You're not alone in your rage. I haven't bought a costume in the stores for ages because of it. The worst thing is that the whole slutty costume concept is moving into a younger tween crowd now. The costumes I saw at Spirit for younger girls were just a step away from the grown up slutty costumes.


----------



## stormygirl84 (Sep 4, 2009)

RCIAG said:


> You're not alone in your rage. I haven't bought a costume in the stores for ages because of it. The worst thing is that the whole slutty costume concept is moving into a younger tween crowd now. The costumes I saw at Spirit for younger girls were just a step away from the grown up slutty costumes.


Yeah. Leg Avenue now makes Teen and even little girl costumes!!! LEG AVENUE!!! I don't have kids yet, but when I saw those, I decided right then and there that I will MAKE my children's costumes myself. YIKES!

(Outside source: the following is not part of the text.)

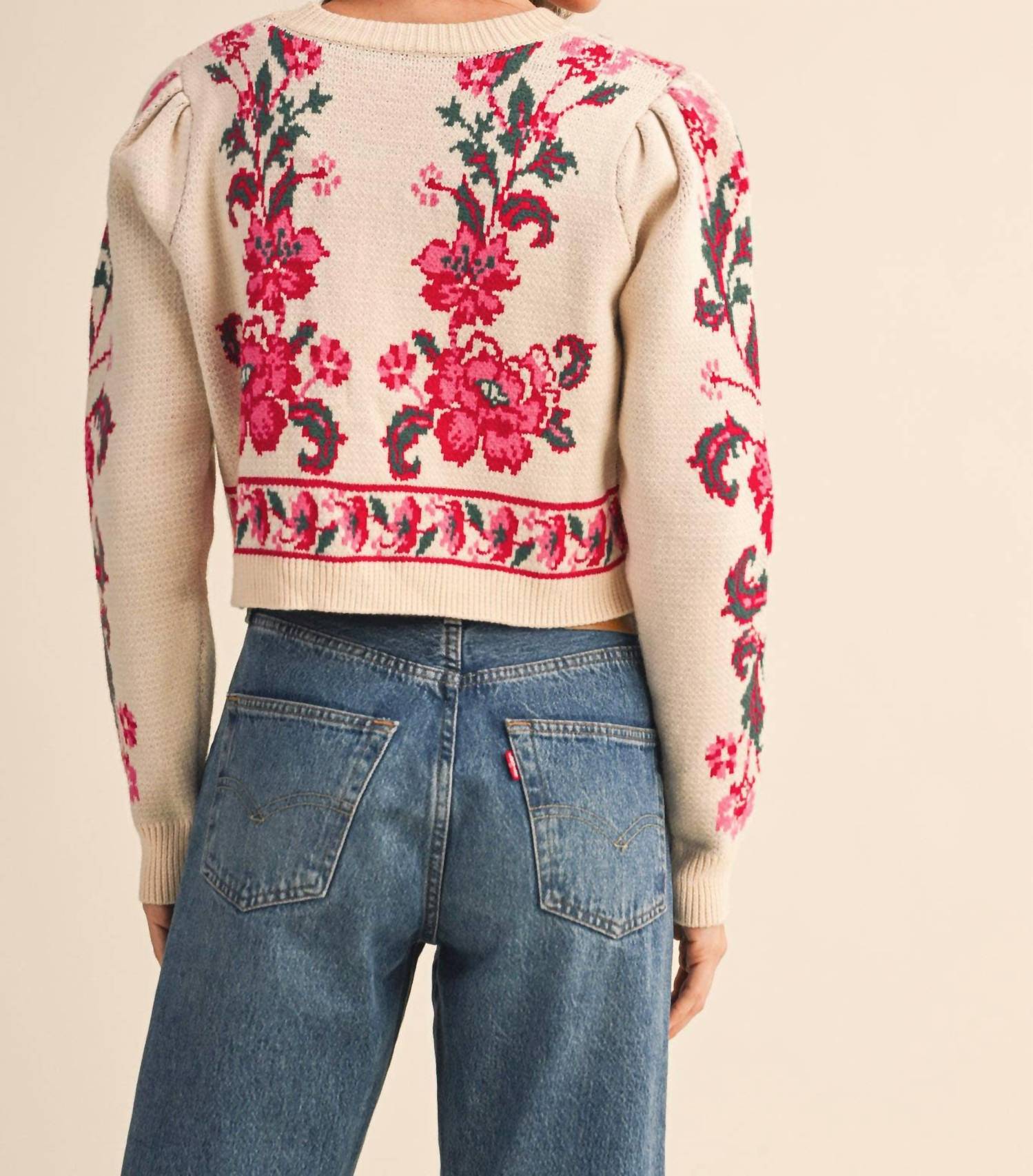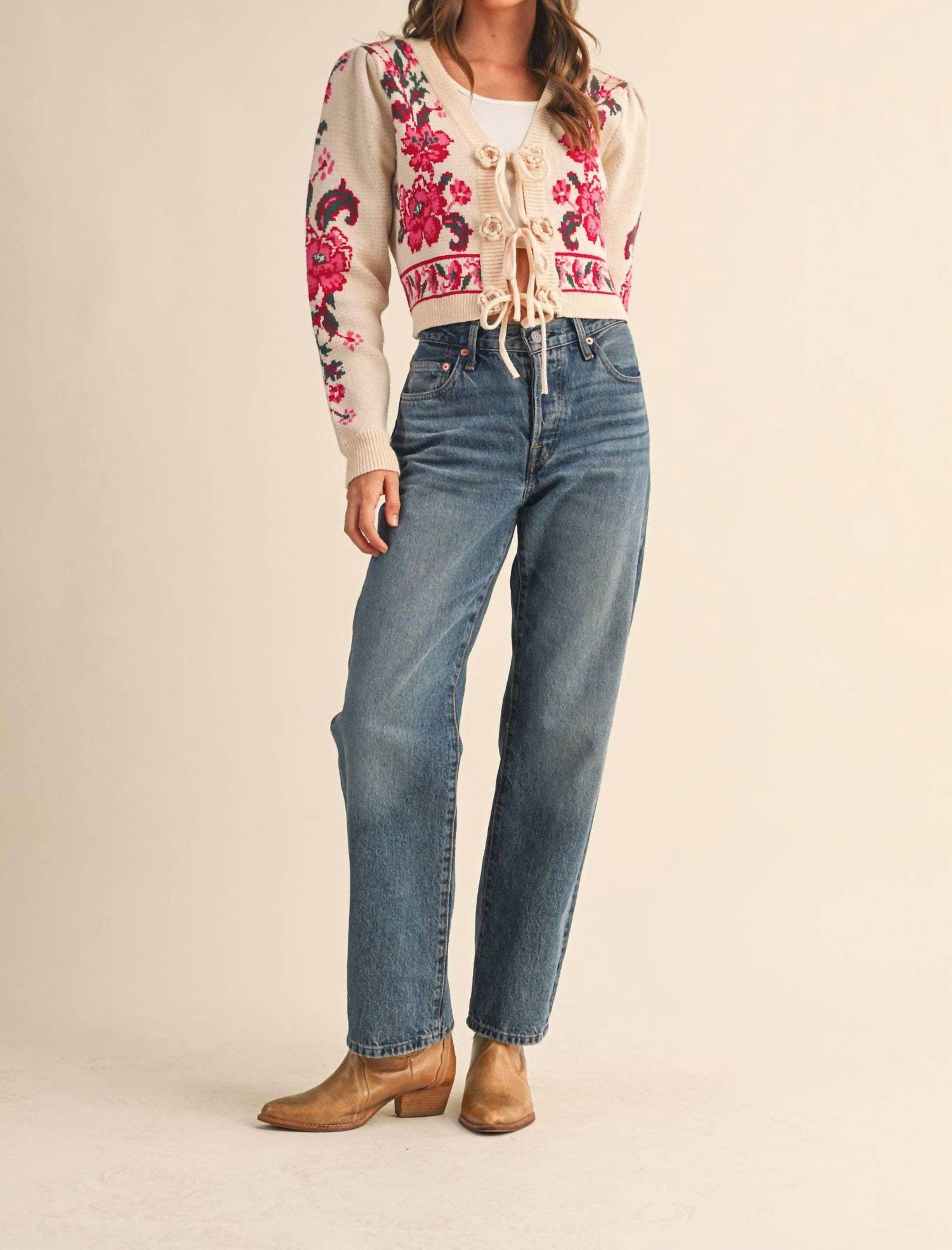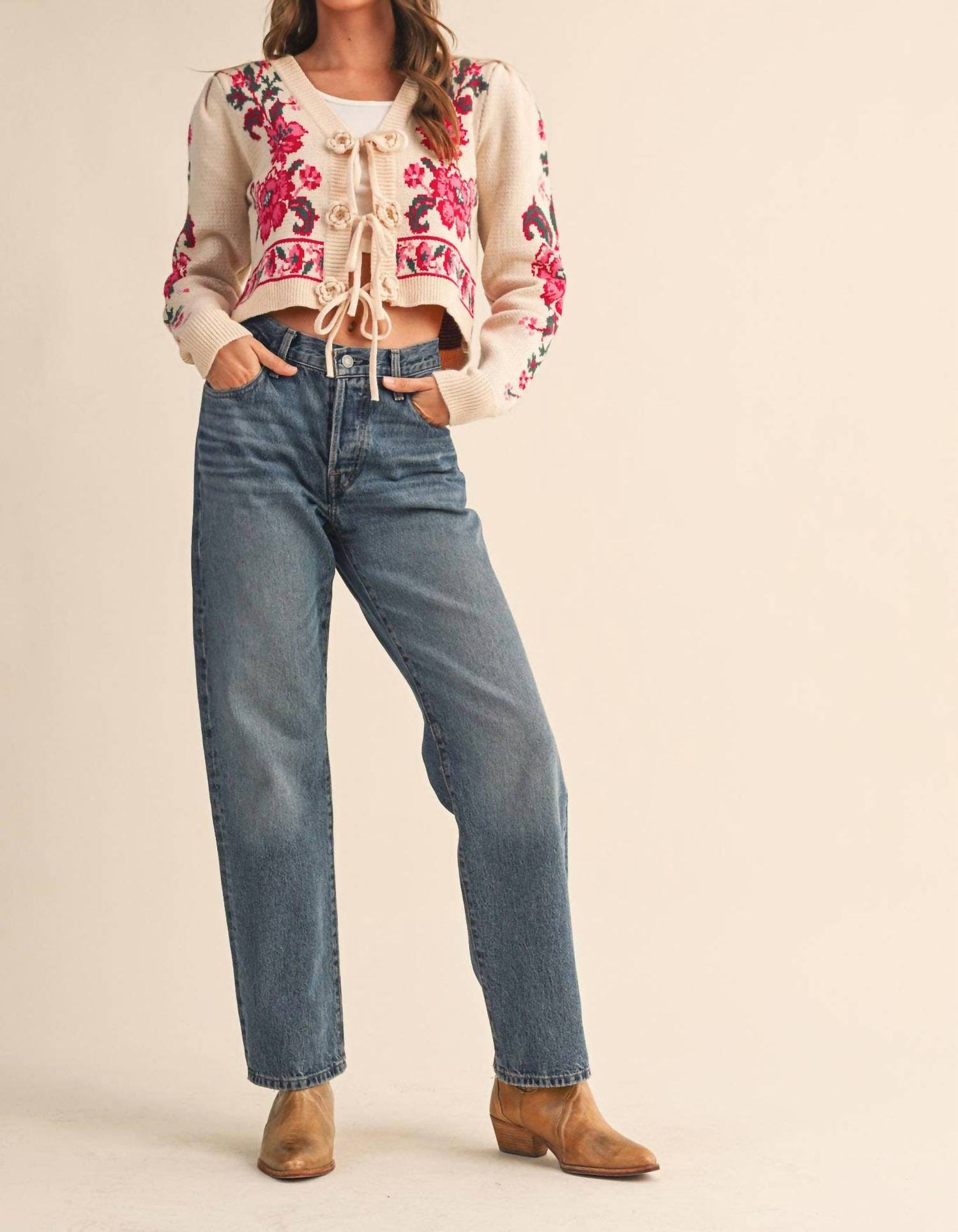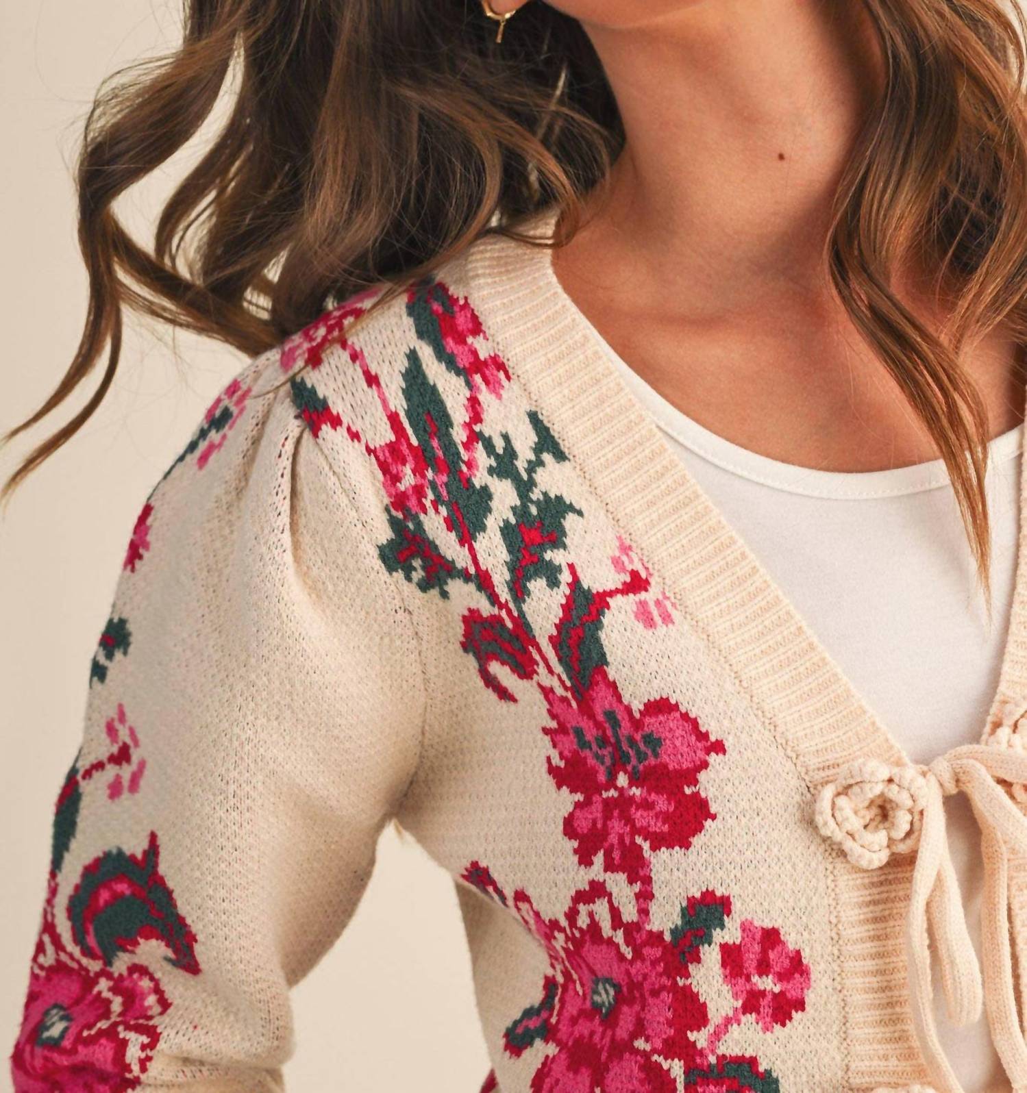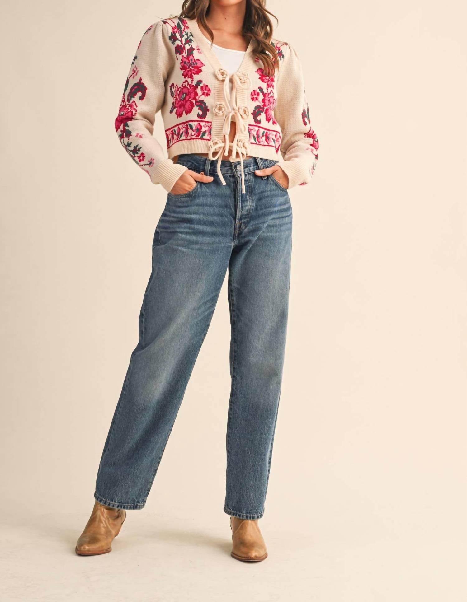 &Merci - Floral Knit Tie-front Cropped Sweater Cardigan

And I don't buy my costumes in stores anymore, either. I have so much more fun making my own.

*Rosetta28*, it's not really a _scary_ costume, but last year I made my witch's costume from an old witch hat that I've had for YEARS, some black & purple striped stockings that I picked up at Wal-Mart, my combat boots and this lovely dress. Since I often repeat the witch costume, I thought the price was pretty decent. The quality of the dress is very good. Plus, the dress itself can double as any number of other costumes, like a vampiress, or a dark bride, or anything, really. Just a thought...


----------



## RCIAG (Jul 19, 2010)

It's one thing to buy the accessories at a store, like leggings, hats, capes, etc., but as far as full, store bought costumes go, I've very little use for them.


----------



## kuroneko (Mar 31, 2011)

Yea, ladies options are slutty or silly (like clowns or an adult joke costume). I was spoiled, my mom made all of my costumes, but I don't speak to her anymore. I'm sad I didn't get my costumes when I left. Now I have to make my own, but I don't have a sewing machine or the time.
The little girls costumes are moving towards slutty now too because little girls want to dress like big girls. It is really sad watching parents argue with their kids about wearing these costumes. The girls want the most revealing one and the parents want them to cover up, but the girl refuses to even try on the non-slutty one. Its just sad.


----------



## Rosetta28 (Sep 7, 2011)

I'm so lucky to have little boys . So I guess I need some ideas on what to do this year I already ordered white out contacts so I would like to use them. Can you guys give me any ideas it's getting a little close so I need to get it figured out soon! Thanks


----------



## RCIAG (Jul 19, 2010)

OMG white contacts & ANYTHING will be scary!!


----------



## beebs (Sep 20, 2011)

I hear ya. I haven't purchased a store bought costume in AGES. I never find one that fits my "curvy" status. I would rather my butt not hang out either. Just not my style now that I am a bit older and wiser! I have gone costume shopping this year for 2 different ladies that both had your exact same complaint- too much boobs and butt showing, and not enough scary costumes to choose from. As for the provocative tween/teen costumes? I wholeheartedly agree that I would NEVER let my daughter wear one. The only person that had an easy time of costume shopping was my 6 year old nephew that walked to his section, grabbed a police uniform, gun, and hand cuffs, and said "I'm done!" lol!!


----------



## the dogman (Jul 8, 2007)

The Legs Avenue kids/teen costumes don't seem to be as inappropriate as some other under 18 costumes are. They are probably just releasing them for more revenue. 
It takes some hard looking and modifications to buy a costume from a store that isn't meant to be sexy or silly, and by that point you've spent far more than you wanted to on a costume. Even mens costumes seem to be effected by this. Most seem to be stupid, frat boy mentality, joke costumes, rather than sexy costumes though. I guess decent quality costumes that aren't a joke or sexy are just not worth selling in most stores.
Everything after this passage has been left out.